Ola Fosheim Grøstad ola.fosheim.grostad at gmail.com
Wed Jun 22 13:06:04 UTC 2022


On Wednesday, 22 June 2022 at 11:36:52 UTC, forkit wrote:
> Of course, this butchering does have an effect on OOP in D. But 
> that's not the main point here.
>
> In fact, you are always using abstract data types, and 
> benefitting from them, regardless of what 'paradigm' you're 
> using.

Yes, yes, yes, but many D programmers don't have formal training 
so they are going by what they read on blogs or their own 
experience.

It should be obvious to anyone that if D's strength is to go from 
prototyping to shippable products then solid support for 
evolution is needed. Fine grained encapsulation is absolutely an 
advantage. That's 100% undeniable. Especially in system level 
programming.

However, if I were to rank what should be focused on, then 
changing/adding to encapsulation would be at spot 20 or so…

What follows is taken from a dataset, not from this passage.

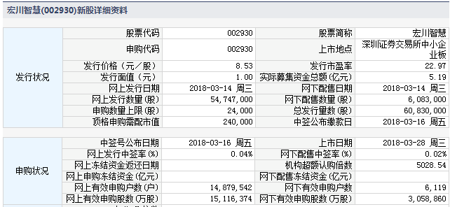 根据交易所公告,浙江长城电工科技股份有限益达娱乐于2018年3月28日进行网上和网下申购。定本次发行股份数量为 4,460 万股, 回拨机制启动前,网下初始发行 2,700 万股,占本次发行规模的 60.54%;网上初始发行数量为 1,760 万股,占本次发行数量的 39.46%。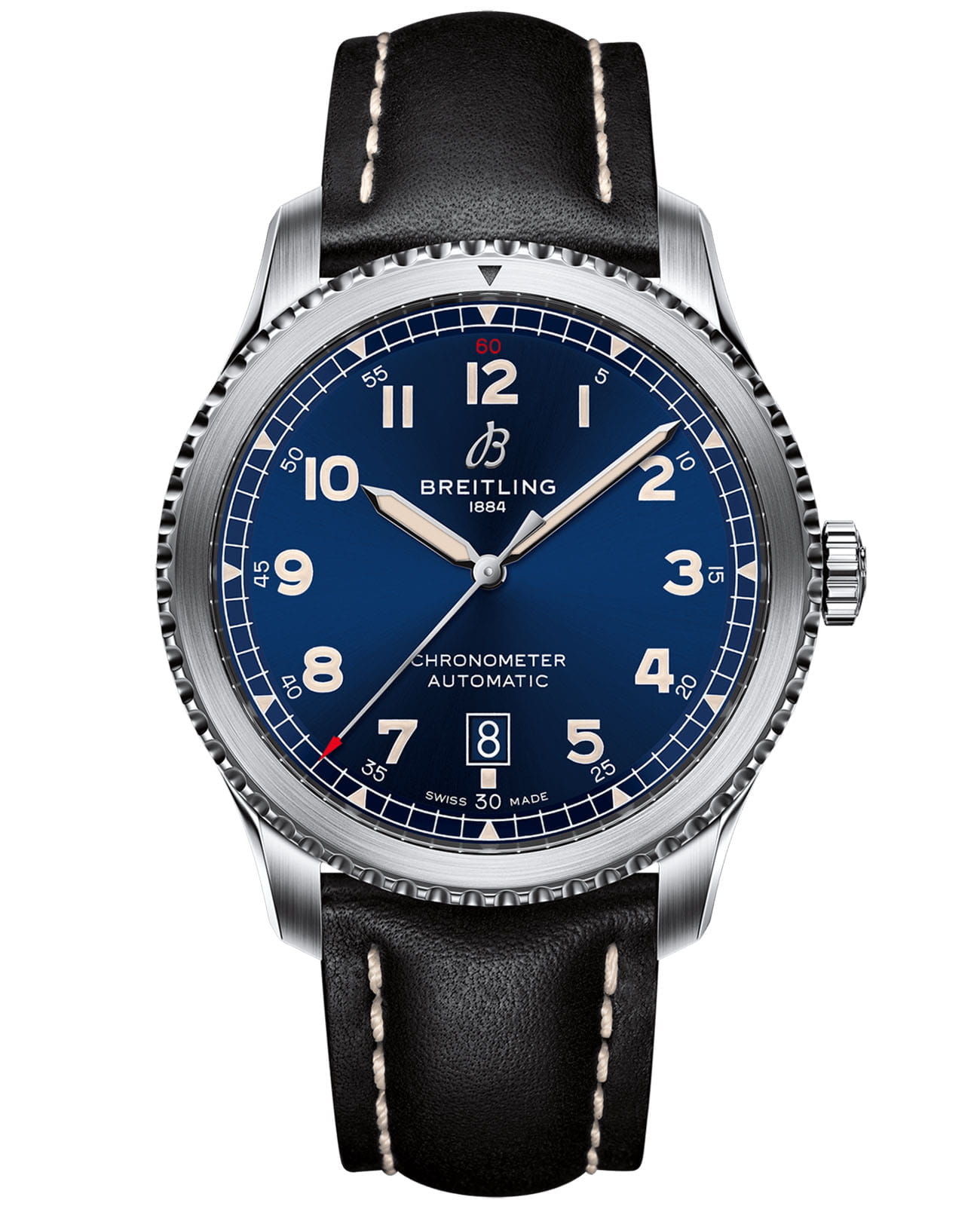 Модель Aviator 8 Automatic 41 A17315101C1X4 отличается неповторимым стилем. Эти часы – прямой потомок легендарных моделей Breitling 30–40-х годов XX века. В корпусе из нержавеющей стали с вращающимся безелем и указателем находится механизм Breitling Caliber 17. Благодаря наличию двунаправленного ротора обеспечивается запас хода более 40 часов. Удивительный циферблат выполнен в синем цвете. Хронометр диаметром 41 мм сертифицирован Швейцарским институтом официального тестирования хронографов (COSC), снабжен сплошной задней крышкой на винтовом креплении и предоставляется в комплекте с кожаным ремешком.

Currently the big issue for D is *not loosing focus* and complete 
what has been started on:

1. competitive memory management
2. @safe and @trusted
3. completing existing features
4. fixing error handling
5. fixing contracts

When all that is done… by all means, look at encapsulation, 
syntax, etc.

But I would predict that the end result, after everyone has 
added/changed their pet peeve, would be something that would not 
be D2, it would be D3.

So the best option is to either make do with naming-conventions 
to get ad-hoc class-privacy or implement it as a fork.

If you want to do this in a fork then I'll try to help you with 
locating the spots that need modification. If you complete this 
on a fork, I'll help you write the DIP for it.